Тем как раз и поражал меня тель-авивский журнал Двадцать два: с одной стороны — серьезный и глубокий подход ко многому; культурный уровень — разительно выше среднего советского (что, впрочем, и не мудрено); одаренных авторов — масса; а с другой стороны — Вальпургиева ночь безвкусицы, местечковая узость. Отчего Александр Воронель не видит этого? Его книгой Трепет забот иудейских я восхищался еще в России; его статьи, прочитанные мною в Израиле, не испортили впечатления. Он — влиятельный член редколлегии журнала (что он фактический его владелец, я не понимал). Воспитанный ум, выверенный слог — и вдруг он поощряет эту свистопляску! Прошли годы, прежде чем я догадался, что ни мысль как таковая, ни, тем более, слог — сами по себе не представляли для Воронеля никакой ценности. Он оказался человеком идеи; той самой идеи.
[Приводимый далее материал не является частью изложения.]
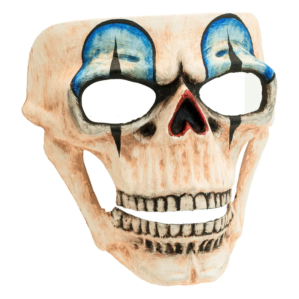 Masque en forme de crâne de clown pour un costume original à Halloween ou une pièce de théâtre. La Commedia dell’arte est un style théâtral du 16ème siècle d'origine italienne, où les acteurs utilisent des masques expressifs pour jouer des rôles plutôt dramatiques.
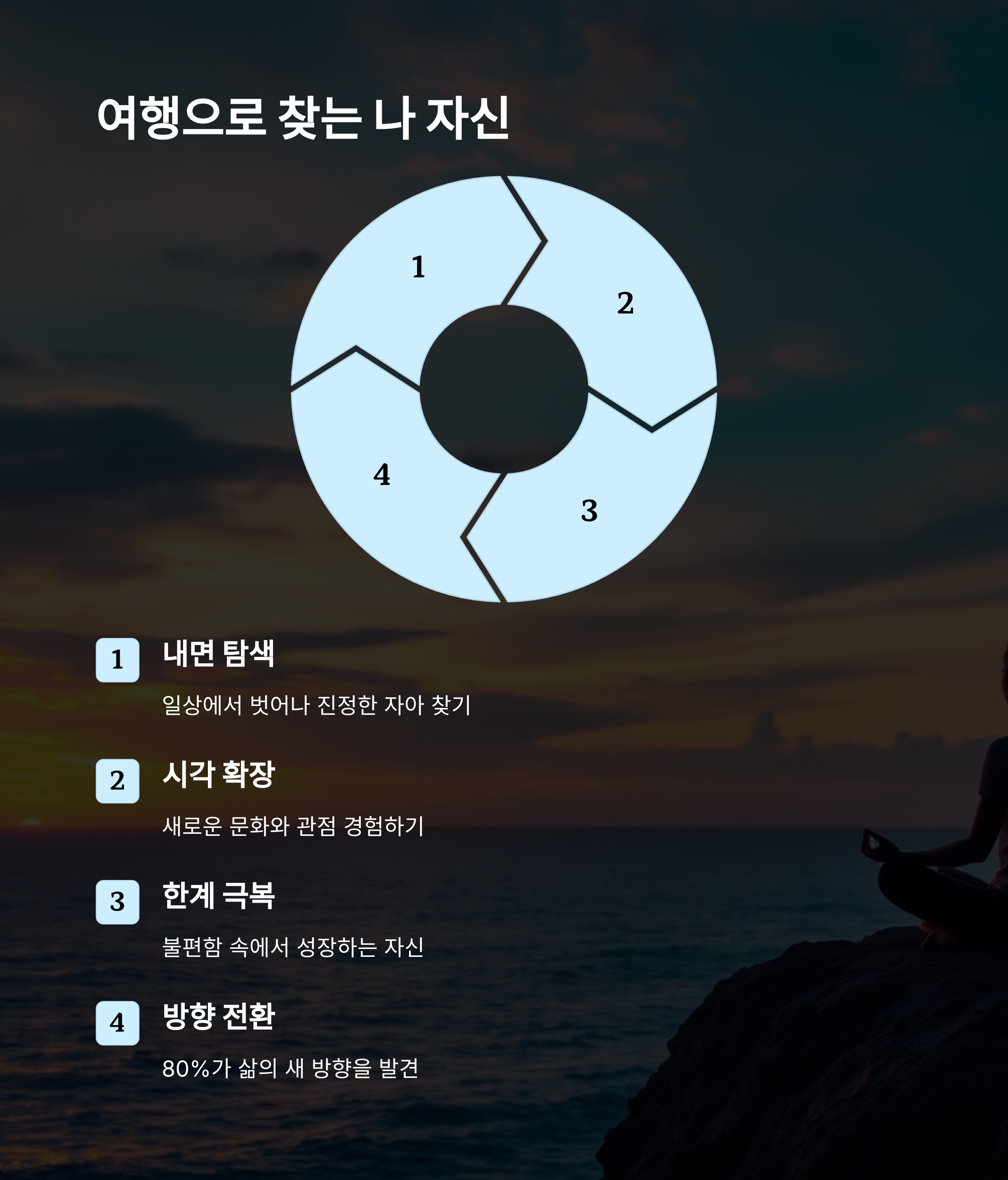 여행을 통한 성장은 물리적인 거리의 이동을 넘어 정신적인 확장을 의미해요. 타지에서 보내는 한 달은 결국 새로운 ‘나’를 만드는 시간이에요. 삶의 속도를 잠시 늦추고, 그 틈에서 진짜 내 마음을 만날 수 있는 거죠.
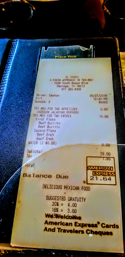 Big, big fan of Mexican food. I live in NH so Mexican food around here is lacking the Mexican aspect. Every time I go to Texas we go to this location of El Chicos. Its so freaking yummy!!! Prices are perfect for a night out with extended family. Drinks are made perfectly and the staff is awesome.

Однако ж мою первую проверку на вшивость журнал Двадцать два выдержал. В его 38-м номере была затеяна дискуссия о советских евреях. Меня пригласили в ней участвовать — и дали на прочтение (на обсуждение) статью художника, члена редакционной коллегии Виктора Богуславского Они ничего не поняли. Я резко возразил ему (Он ничего не помнит, Двадцать два, 38, 1984), не сознавая, что иду не против одного из членов редакции, а против всего журнала и всего русского израильского истеблишмента, в первую очередь — против Воронеля. Это была моя первая (не считая стихов в Киноре) публикация в Израиле.
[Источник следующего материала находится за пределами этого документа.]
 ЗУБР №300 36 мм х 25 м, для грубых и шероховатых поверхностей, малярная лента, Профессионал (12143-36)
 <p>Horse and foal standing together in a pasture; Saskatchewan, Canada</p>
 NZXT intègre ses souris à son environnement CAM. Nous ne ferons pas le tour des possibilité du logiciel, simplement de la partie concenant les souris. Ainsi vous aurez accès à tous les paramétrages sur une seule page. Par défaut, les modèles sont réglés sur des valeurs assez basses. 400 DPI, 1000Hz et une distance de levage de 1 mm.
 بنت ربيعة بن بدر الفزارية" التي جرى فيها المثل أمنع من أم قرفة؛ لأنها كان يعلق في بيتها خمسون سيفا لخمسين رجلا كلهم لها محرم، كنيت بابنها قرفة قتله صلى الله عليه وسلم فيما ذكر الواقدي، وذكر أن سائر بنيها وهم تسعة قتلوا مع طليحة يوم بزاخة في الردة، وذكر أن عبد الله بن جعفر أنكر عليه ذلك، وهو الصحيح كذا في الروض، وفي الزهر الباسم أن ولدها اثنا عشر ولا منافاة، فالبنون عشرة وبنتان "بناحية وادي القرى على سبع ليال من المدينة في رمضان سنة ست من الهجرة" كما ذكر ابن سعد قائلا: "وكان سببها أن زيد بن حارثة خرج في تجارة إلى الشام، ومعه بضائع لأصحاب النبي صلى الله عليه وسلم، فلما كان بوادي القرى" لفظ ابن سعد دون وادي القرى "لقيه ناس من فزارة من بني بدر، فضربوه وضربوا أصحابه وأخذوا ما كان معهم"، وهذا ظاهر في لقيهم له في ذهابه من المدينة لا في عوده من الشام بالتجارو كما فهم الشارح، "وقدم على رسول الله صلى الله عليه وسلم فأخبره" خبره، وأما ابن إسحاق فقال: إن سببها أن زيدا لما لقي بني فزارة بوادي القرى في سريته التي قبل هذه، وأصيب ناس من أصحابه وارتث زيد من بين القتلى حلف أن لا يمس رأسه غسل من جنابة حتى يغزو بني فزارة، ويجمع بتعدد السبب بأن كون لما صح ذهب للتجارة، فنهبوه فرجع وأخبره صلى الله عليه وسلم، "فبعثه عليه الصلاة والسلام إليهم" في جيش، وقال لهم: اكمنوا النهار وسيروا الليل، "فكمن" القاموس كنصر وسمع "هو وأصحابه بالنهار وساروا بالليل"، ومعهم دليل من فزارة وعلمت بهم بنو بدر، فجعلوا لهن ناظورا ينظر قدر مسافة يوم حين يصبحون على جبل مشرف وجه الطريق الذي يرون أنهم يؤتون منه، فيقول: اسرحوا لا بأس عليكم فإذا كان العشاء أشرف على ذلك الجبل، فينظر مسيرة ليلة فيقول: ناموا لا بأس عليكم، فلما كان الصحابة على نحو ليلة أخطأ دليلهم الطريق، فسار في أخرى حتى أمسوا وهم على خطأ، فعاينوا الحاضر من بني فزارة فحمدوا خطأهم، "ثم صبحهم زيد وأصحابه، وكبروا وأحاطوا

«Читая статью В. Богуславского Они ничего не поняли, я с печальным удовлетворением видел, как выпущенные им стрелы, одна за другой, ложатся в цель, и цель эта — я: один из ничего не понявших, один из "недостойных своего часа"…»

— так статья начиналась. «Недостойные», по Богуславскому — евреи, не выехавшие из СССР в начале 1970-х, когда это было просто. Они плохие. Всё многообразие судеб и характеров автор валил в одну кучу, всех мазал одним мирром; в человеке различал только форму носа. Это было смешно, пошло и глупо, но я — что было еще глупее — пытался показать неправоту Богуславского: я в ту пору верил в думающего читателя.
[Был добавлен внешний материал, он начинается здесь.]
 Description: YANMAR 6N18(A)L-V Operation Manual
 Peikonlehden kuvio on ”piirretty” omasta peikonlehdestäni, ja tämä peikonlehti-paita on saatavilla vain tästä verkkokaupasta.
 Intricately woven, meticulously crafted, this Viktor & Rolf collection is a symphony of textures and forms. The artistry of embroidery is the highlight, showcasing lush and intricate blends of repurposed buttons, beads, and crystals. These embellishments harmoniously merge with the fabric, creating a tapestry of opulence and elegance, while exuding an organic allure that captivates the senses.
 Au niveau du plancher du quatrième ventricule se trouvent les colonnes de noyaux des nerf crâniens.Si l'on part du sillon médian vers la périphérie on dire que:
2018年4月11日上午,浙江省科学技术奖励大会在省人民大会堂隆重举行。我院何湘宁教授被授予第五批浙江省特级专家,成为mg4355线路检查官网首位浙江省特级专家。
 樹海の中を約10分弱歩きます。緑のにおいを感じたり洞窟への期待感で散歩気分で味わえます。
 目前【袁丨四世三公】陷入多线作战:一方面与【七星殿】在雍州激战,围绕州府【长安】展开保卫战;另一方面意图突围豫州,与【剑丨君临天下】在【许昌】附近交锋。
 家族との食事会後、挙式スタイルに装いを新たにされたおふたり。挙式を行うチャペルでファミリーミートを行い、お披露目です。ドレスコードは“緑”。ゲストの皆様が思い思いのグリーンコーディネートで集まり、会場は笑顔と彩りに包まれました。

Невыносим был уже самый тон статьи Богуславского, патетический, высокопарный: «наше Восстание», «эпоха Восстания и Исхода». Это — про своих. Про оставшихся — иначе:

«Я помню их тогда, эту постоянную смесь самодовольства и страха — постоянный фон их существования, отмеченного непрерывным предательством самих себя. Это было отвратительно. Недаром я предпочел тогда, в 70-м, их обществу — тюрьму…»

Хорош сионист, предпочитающий плохим евреям хороших вертухаев и зэка! Но если остались такие плохие евреи, что о них рассуждать? Забыть — и делу конец.

Поносит Богуславский и евреев Запада,

«чьи национальные чувства были растревожены шестидневным триумфом… Они с восторгом стали бороться за советских евреев. Эта комфортабельная "борьба" — демонстрации, конференции, рауты, коктейли — приятно щекотала их национальные чувства, позволяя — без особых притом усилий — ощущать свою причастность к строительству Израиля, к сионизму…».

Я спрашивал:

не лучше ли такая борьба, чем никакой? Большинство-то вообще ничего не делает. И не смешно ли от каждого требовать героизма? Богуславский — герой; он идет в тюрьму за народное дело; а вот этот американский буржуй — не герой; он дает на правое дело деньги. Человеку естественно делиться с ближним излишками. Нельзя требовать от человека того, чего у него нет.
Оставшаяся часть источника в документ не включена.